The cricketer and the currency board

The focus of our conversation was economic policy. Not for the first time, we grappled with what needed to be done to extract Pakistan from its economic doom loop. Our point of departure was the rupee, which had shed 48% of its value against the U.S. dollar since June 2021. To pull Pakistan out of its doom loop and establish stability, I recommended the medicine that I had successfully prescribed in Estonia (1992), Lithuania (1994), Bulgaria (1997), and Bosnia-Herzegovina (1997). In all those cases, a currency board did the trick, as they always do. Indeed, since the first currency board was established in Mauritius (1849), there have been over 70 currency boards, and none have failed. Even the currency board that John Maynard Keynes installed in Archangel during Russia’s civil war (1918) worked without a glitch.

Just what is a currency board? A currency board issues notes and coins convertible on demand into a foreign anchor currency, such as the U.S. dollar, at a fixed exchange rate. It is required to hold anchor-currency reserves equal to 100% of its monetary liabilities.

A currency board has no discretionary monetary powers and cannot issue credit. It has an exchange-rate policy but no monetary policy. Its sole function is to exchange the domestic currency it issues for an anchor currency at a fied rate. A currency board’s currency is a clone of its anchor currency.

A currency board requires no preconditions and can be installed rapidly. Government finances, state-owned enterprises, and trade need not be reformed before a currency board can issue money.

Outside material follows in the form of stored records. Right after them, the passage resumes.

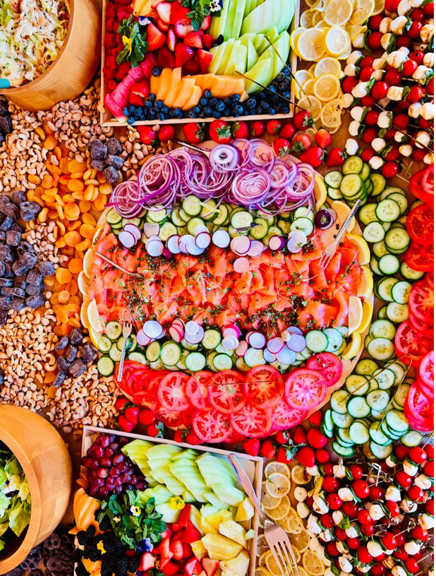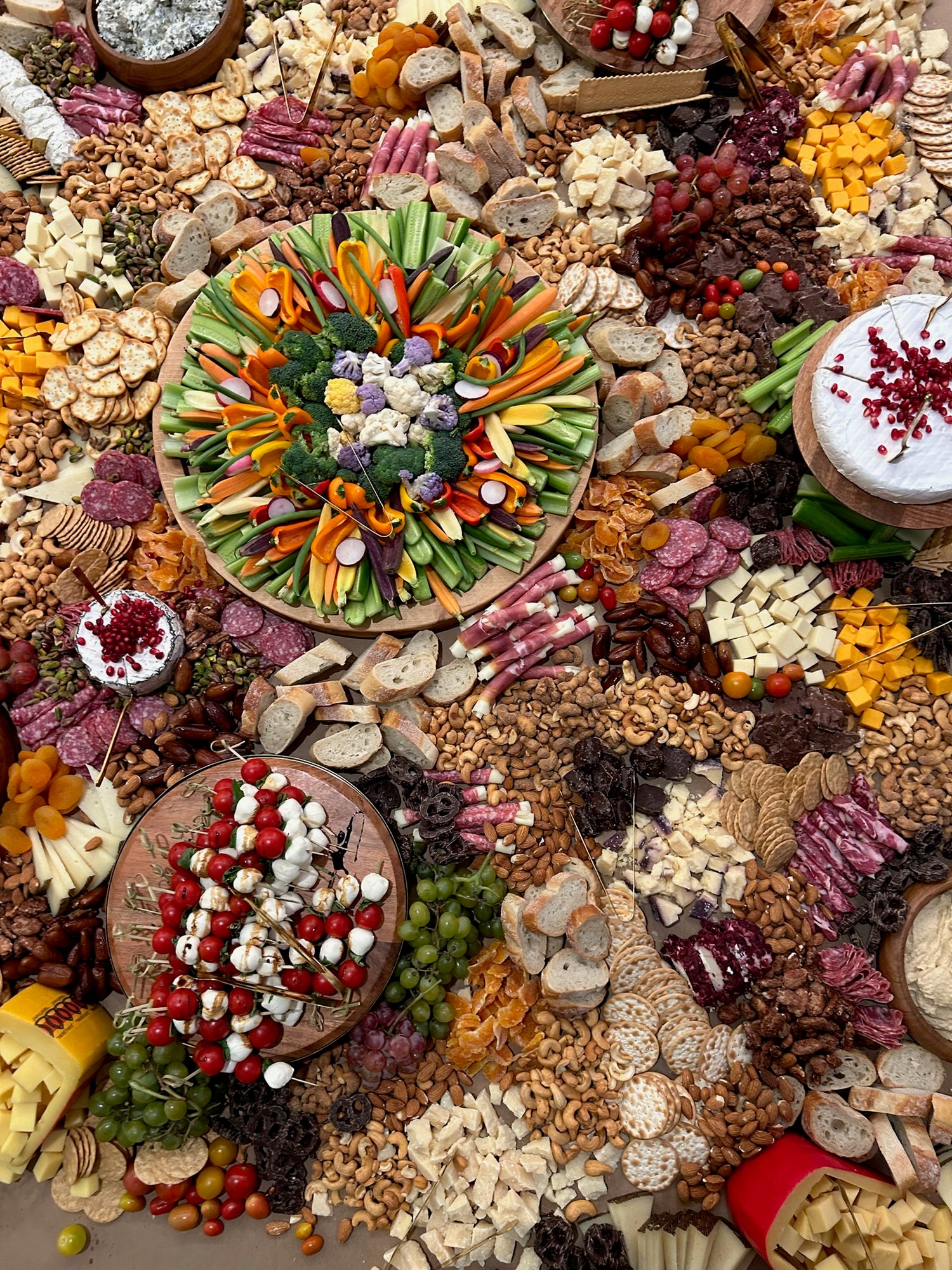 charcuterie, crackers, fresh bread, crudite and dips, olives, nuts, fresh fruit, dried fruit, and caprese skewers.
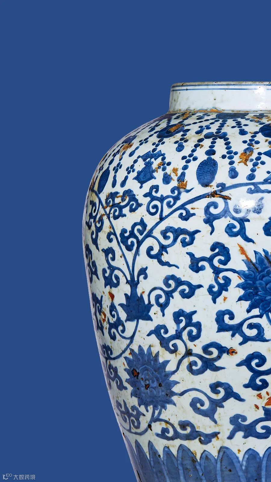 万历一朝所出大罐,往往竭众匠之力尚难为之,更有烧造难成之苦,百中不得一二之虞。许之衡《饮流斋说瓷》中曾有记载:“转枝莲托百宝或转枝莲托百寿字,此种奇制,配置极难”。全器青花发色纯正,明艳清丽,纹饰构图饱满,层次清晰,绘工精致,赏心悦目,笔触率意,风格热烈奔放,生动传神,极具万历青花天真烂漫,草昧初开的独特韵味。
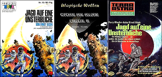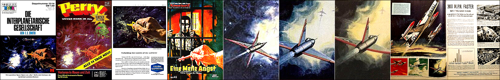 1 - 2 gleiches Bild, in 2 um Deltajäger und Schlangenkopf ergänzt, die Hand ist von 3 entnommen und als Collage eingebaut, in 4 findet sich eine Nachzeichnung der Hand mit dem Schlüssel, der Jäger links unten ist samt der Wolke dahinter von 6 bzw. 7 nachgezeichnet, 6 - 7 gleiches Bild
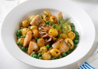 Το μυστικό της συνταγής είναι η χρήση των λουβιών των κουκιών, που θα δώσουν στο φαγητό την ανοιξιάτικη, γλυκιά γεύση του λαχανικού.
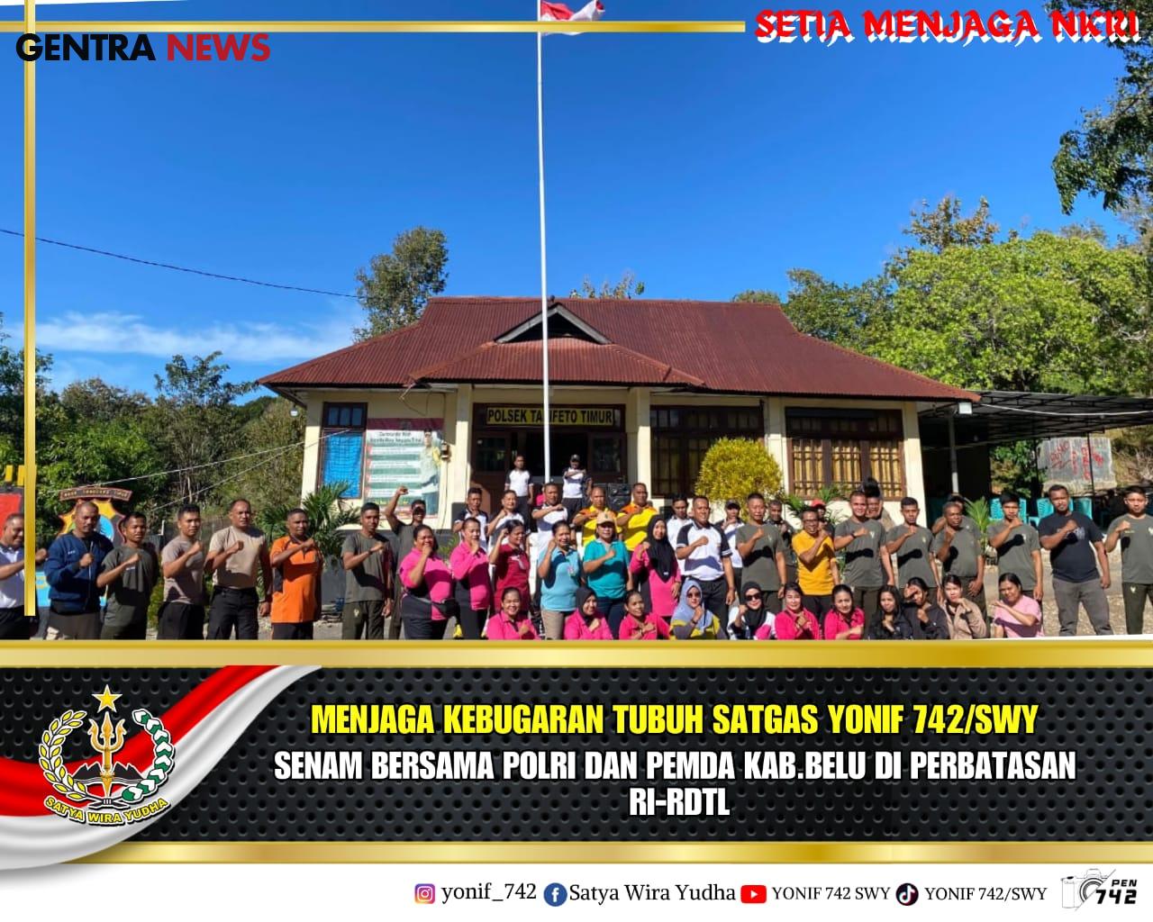 Menjaga Kebugaran Tubuh Satgas Yonif 742/SWY Senam Bersama Polri dan Pemda Kabupaten Belu di Perbatasan RI-RDTL
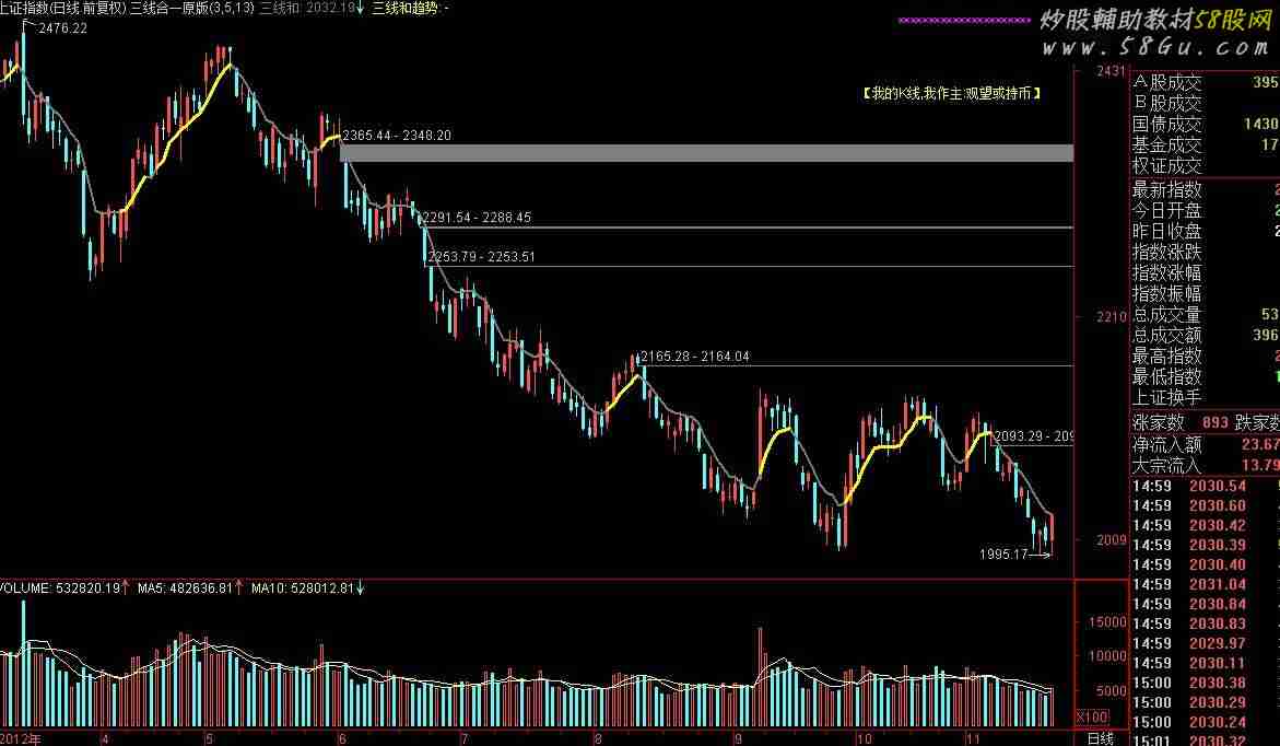 {游侠_三线合一主图指标,适合主图及分时} N1:=3; N2:=5; N3:=13; 三线和:(MA(C,N1)+MA(C,N2)+MA(C,N3))/3 COLORGREEN LINETHICK2; 三线和趋势:IF(三线和>REF(三线和,1),三线和,DRAWNULL) COLORRED LINETHICK3;
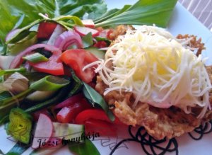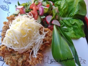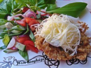 Tálalásnál a húsra teszünk a medvehagymás tejfölből, majd reszelt sajtot szórunk rá.
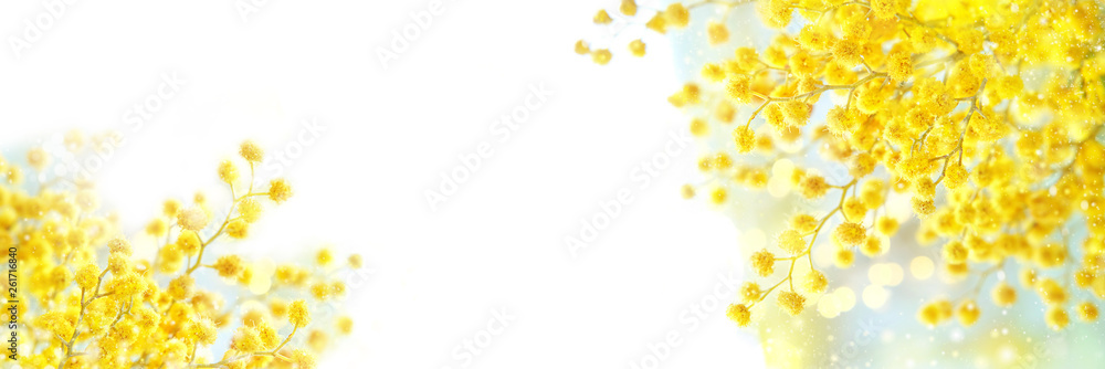 spring Mimosa flowers on white background. spring season concept. fluffy yellow mimosa, symbol of 8 March, happy women's day. copy space. banner
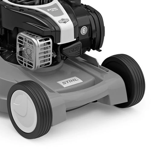 - Cette tondeuse à gazon Stihl est équipée de poignées pour faciliter le transport et faciliter le chargement. Les poignées de transport sont également appropriées comme points d’arrimage pour attacher la tondeuse à gazon avec une sangle pendant le transport.
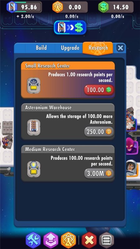 围绕建设小行星的新建筑,升级你的太空殖民地,并继续挖掘飞船。
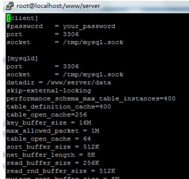 进入ssh 输入vi /etc/my.cnf 检查配置文件是否存在
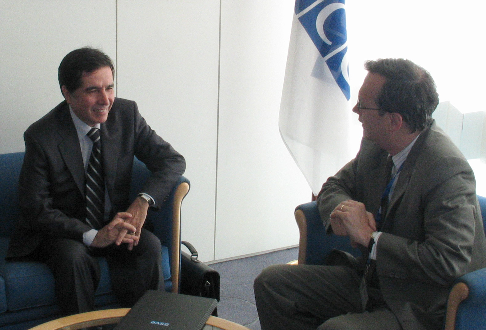 OSCE Secretary General, Marc Perrin de Brichambaut (right), with Afghan Ambassador Zia Nezam in Vienna 15 July 2005. They discussed dispatching an OSCE support team to assist Afghanistan with the September parliamentary and provincial council elections.
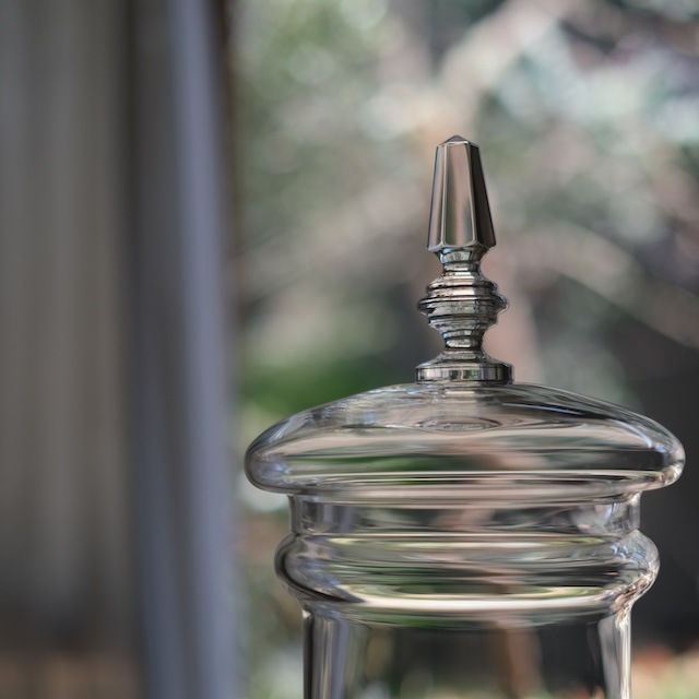 素敵なフォルムの保存瓶。とてもデザイン性のある美しいシルエットのガラス瓶です。
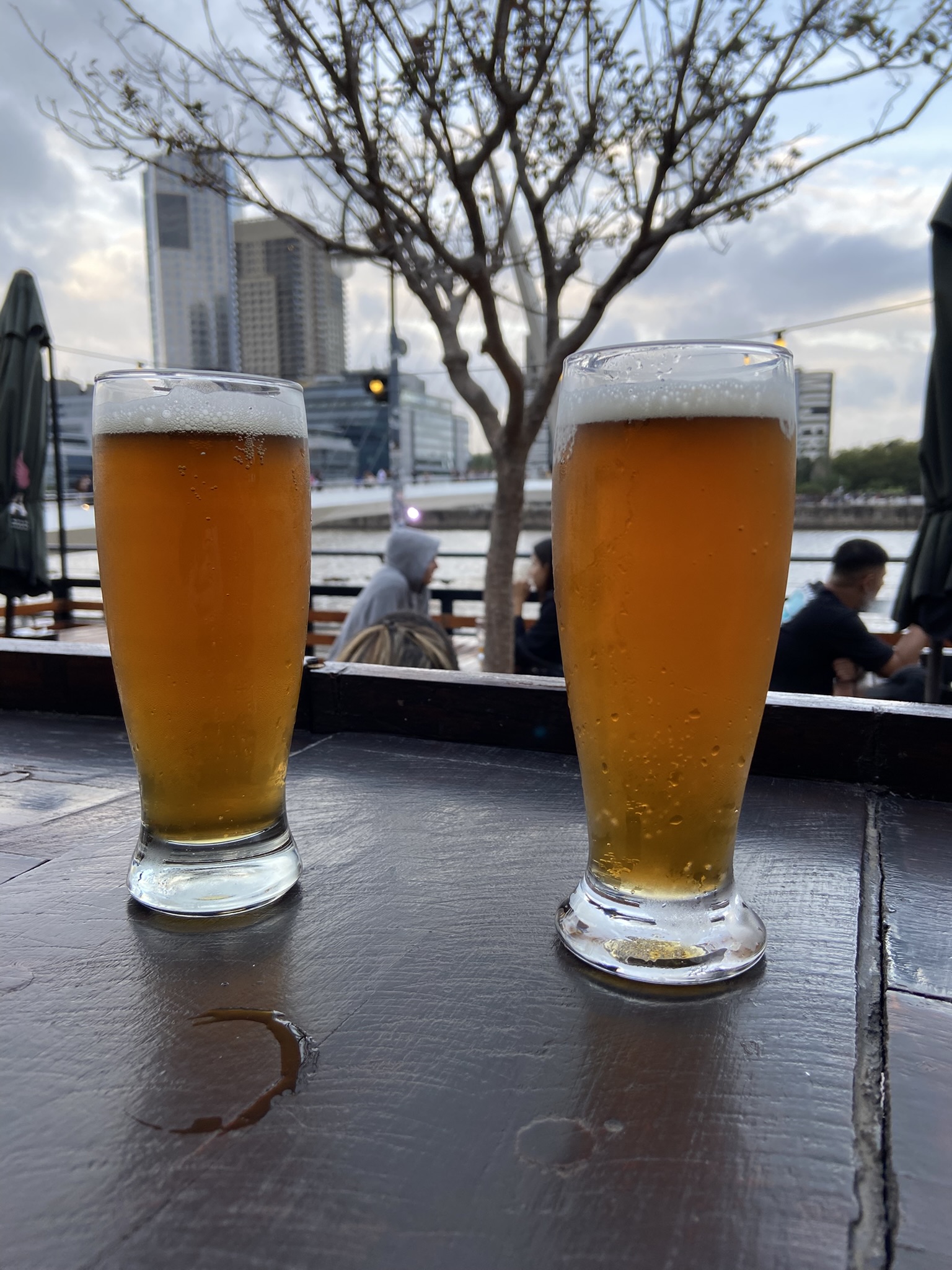 - Para respeitar a tradição sentamos em uma mesa de frente para a Puente de la Mujer no bar El Boleo e pedimos umas cervejas. Ficamos ali um tempo até o apetite estar devidamente aberto para que aproveitássemos o Parrilla Aires Criollos na sequência.

The Bulgarian and Lithuanian examples

Khan and I spent a great deal of time on our April 2023 Zoom call discussing the currency board that I installed in Bulgaria, when I was President Petar Stoyanov’s Chief Economic Adviser. In 1997, Bulgaria faced a raging hyperinflation of 24% per month and a banking crisis. Once the currency board was installed in July, hyperinflation stopped immediately. By 1998, the banking system was solvebnt, money-market interest rates had plunged from triple digits to an average of 2.4%, a massive fiscal deficit turned into a surplus, a deep depression became economic growth, and Bulgaria’s foreign-exchange reserves more than tripled. Today, thanks to its currency board, Bulgaria has the second lowest debt-to-GDP ratio in the EU, behind only Estonia.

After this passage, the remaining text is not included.